Para siswa kelas III, IV, V, dan VI sekolah itu terlihat secara saksama memperhatikan penjelasan yang selain menyangkut usia pertumbuhan, juga saat yang tepat menanamnya, dan berbagai hama serta penyakit yang sering menyerang komoditas hortikultura tersebut dengan cara mengatasinya.
Beberapa di antara mereka juga diminta Riyadi yang guru kelas IV sekolah itu untuk mengitung jumlah biji sayuran yang bisa ditangkar menjadi bibit tanaman.
Pegiat Tim Edukasi "Tuk Mancur", sekelompok masyarakat Desa Ngargomulyo untuk pendidikan cinta alam Merapi, Bernadus Parno menyebutkan bahwa muatan lokal berupa pelajaran pertanian di sekolah dasar itu sebagai "kelas sawah".
Pelajaran tersebut untuk mendekatkan anak-anak sejak dini, dengan lingkungan alam dan pertanian di kawasan Gunung Merapi. Apalagi sebagian besar masyarakat setempat hidup dari pengelolaan pertanian, terutama aneka hortikultura.

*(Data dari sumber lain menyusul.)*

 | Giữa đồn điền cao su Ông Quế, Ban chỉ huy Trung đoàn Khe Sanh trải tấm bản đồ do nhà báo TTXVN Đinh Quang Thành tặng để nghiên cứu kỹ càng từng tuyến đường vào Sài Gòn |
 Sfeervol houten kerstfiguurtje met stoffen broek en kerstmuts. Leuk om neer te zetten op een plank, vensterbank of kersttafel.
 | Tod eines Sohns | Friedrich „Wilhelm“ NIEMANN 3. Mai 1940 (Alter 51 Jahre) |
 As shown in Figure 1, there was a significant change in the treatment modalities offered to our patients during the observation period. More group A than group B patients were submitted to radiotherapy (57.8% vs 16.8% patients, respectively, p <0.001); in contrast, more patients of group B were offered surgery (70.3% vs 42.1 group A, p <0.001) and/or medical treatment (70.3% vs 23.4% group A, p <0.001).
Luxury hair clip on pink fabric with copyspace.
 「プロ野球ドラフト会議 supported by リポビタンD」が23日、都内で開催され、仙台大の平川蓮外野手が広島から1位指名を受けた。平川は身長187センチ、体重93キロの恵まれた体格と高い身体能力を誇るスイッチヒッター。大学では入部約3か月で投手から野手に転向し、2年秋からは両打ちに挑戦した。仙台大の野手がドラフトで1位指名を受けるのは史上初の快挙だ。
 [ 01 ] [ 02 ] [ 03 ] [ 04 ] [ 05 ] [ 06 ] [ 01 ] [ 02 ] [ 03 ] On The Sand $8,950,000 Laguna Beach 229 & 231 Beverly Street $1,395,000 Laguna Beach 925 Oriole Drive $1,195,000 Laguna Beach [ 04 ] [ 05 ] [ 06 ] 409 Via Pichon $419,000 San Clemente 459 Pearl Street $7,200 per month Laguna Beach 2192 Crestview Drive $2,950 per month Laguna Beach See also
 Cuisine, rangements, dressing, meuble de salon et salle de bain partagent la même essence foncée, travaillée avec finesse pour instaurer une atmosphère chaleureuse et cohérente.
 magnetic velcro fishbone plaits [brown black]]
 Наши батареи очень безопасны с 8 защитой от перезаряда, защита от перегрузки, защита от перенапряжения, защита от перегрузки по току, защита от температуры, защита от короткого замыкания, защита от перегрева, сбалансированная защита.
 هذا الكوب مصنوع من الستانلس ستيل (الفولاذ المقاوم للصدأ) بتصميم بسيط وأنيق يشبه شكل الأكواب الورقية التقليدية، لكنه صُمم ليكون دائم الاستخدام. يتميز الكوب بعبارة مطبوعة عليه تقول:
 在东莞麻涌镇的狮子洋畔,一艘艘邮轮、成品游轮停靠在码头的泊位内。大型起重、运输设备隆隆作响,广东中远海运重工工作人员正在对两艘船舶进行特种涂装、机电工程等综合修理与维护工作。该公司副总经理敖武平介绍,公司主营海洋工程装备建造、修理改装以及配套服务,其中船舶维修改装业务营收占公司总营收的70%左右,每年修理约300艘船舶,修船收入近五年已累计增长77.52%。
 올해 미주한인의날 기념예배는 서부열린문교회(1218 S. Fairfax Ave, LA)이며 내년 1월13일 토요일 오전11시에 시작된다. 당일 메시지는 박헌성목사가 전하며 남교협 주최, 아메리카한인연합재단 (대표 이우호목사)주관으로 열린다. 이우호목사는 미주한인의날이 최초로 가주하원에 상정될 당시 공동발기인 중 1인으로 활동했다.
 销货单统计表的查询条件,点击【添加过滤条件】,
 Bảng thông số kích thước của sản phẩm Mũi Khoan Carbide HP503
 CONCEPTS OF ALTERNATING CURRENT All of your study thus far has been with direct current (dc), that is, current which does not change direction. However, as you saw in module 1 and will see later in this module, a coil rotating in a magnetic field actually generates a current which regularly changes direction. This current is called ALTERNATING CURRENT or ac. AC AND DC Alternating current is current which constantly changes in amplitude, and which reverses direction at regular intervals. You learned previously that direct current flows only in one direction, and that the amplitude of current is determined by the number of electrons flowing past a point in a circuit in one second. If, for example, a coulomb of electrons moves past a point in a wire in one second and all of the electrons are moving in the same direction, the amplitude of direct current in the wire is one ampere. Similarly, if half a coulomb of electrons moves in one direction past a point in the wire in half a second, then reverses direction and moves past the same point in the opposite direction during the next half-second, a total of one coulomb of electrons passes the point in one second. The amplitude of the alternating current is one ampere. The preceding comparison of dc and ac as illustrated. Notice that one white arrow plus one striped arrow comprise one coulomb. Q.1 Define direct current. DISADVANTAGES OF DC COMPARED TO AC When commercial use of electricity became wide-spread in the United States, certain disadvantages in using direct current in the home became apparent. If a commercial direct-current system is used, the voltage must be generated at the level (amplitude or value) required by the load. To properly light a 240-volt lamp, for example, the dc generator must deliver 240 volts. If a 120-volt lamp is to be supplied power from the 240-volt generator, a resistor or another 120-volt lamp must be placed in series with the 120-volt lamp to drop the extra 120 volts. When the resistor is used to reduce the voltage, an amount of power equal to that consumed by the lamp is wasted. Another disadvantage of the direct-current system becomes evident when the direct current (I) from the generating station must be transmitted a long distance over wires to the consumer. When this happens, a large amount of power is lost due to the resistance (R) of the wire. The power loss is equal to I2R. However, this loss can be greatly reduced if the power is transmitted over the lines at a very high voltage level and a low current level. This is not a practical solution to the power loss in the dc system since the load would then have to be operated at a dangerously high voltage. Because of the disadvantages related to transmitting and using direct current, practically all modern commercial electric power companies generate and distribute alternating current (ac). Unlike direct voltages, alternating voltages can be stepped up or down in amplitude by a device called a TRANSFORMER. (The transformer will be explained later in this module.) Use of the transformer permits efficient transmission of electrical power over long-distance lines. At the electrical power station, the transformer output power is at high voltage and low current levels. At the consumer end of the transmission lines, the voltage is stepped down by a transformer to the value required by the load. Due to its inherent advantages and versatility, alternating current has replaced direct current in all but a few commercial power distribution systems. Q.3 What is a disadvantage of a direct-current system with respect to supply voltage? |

Tim itu, sejak beberapa tahun terakhir mendampingi para siswa berasal dari berbagai sekolah kota, khususnya di Pulau Jawa, menjalani program "mendiami lingkungan" (live in) di desa setempat, di kawasan Gunung Merapi.
"Kelas sawah" dijalani siswa SD Kanisius Prontakan mulai Tahun Ajaran 2012/2013. Saat ini, jumlah total murid sekolah tersebut tercatat 56 anak dengan enam guru, sedangkan pelajaran "kelas sawah" setiap Jumat dan Sabtu. 
Pada pelajaran seminggu lalu, mereka diajak berkeliling pekarangan dan sawah sekitar gedung sekolah itu, untuk menyiapkan media tanam dari lingkungan setempat, antara lain mengumpulkan pupuk kandang, serasah, dan tanah. 
Tim Edukasi "Tuk Mancur" kali ini memberikan bantuan berupa bakteri pengurai bahan-bahan untuk praktik pembuatan kompos dalam muatan lokal pelajaran "kelas sawah" yang dijalani para siswa tersebut.
Tak berkesudahan
"Pelajaran pertanian ’ora ono pedhote, donya pertanian niku ora umum’ (Tidak berkesudahan, dunia pertanian itu luas, red.). Segudang," kata Parno yang panggilan akrab oleh masyarakat kampung itu, Sibang seperti dikutip dari Antara, Senin (29/7/2013). 
Parno yang juga Ketua Kelompok Tani "Sedulur Merapi" Dusun Gemer, Desa Ngargomulyo itu, menjadi pengampu utama muatan lokal "kelas sawah" di sekolah tersebut, tanpa bayaran.
Seraya berseloroh, ia menyatakan tidak akan mengajarkan anak-anak tentang bagaimana mencari kayu bakar atau menambang pasir Gunung Merapi.
"Kalau cuma cari kayu bakar, terlalu gampang dan setiap anak langsung bisa. Pergi ke hutan, kumpulkan kayu dan ranting kering. Selesai. Kalau menambang pasir, merusak lingkungan, tidak sesuai dengan yel-yel mereka ’Anak Merapi, semangat budaya punya harga diri’," katanya.
Dalam berbagai agenda kebudayaan pertanian yang dijalani anak-anak kawasan Gunung Merapi selama ini, mereka sering mengumandangkan yel-yel "Anak Merapi, semangat budaya punya harga diri".
Kepala SD Kanisius Prontakan Suster Maria Rosary mengatakan keputusan menerapkan pelajaran muatan lokal "kelas sawah" untuk para siswa melalui pembicaraan intensif antara pihak sekolah dengan orangtua murid dan Tim Edukasi "Tuk Mancur".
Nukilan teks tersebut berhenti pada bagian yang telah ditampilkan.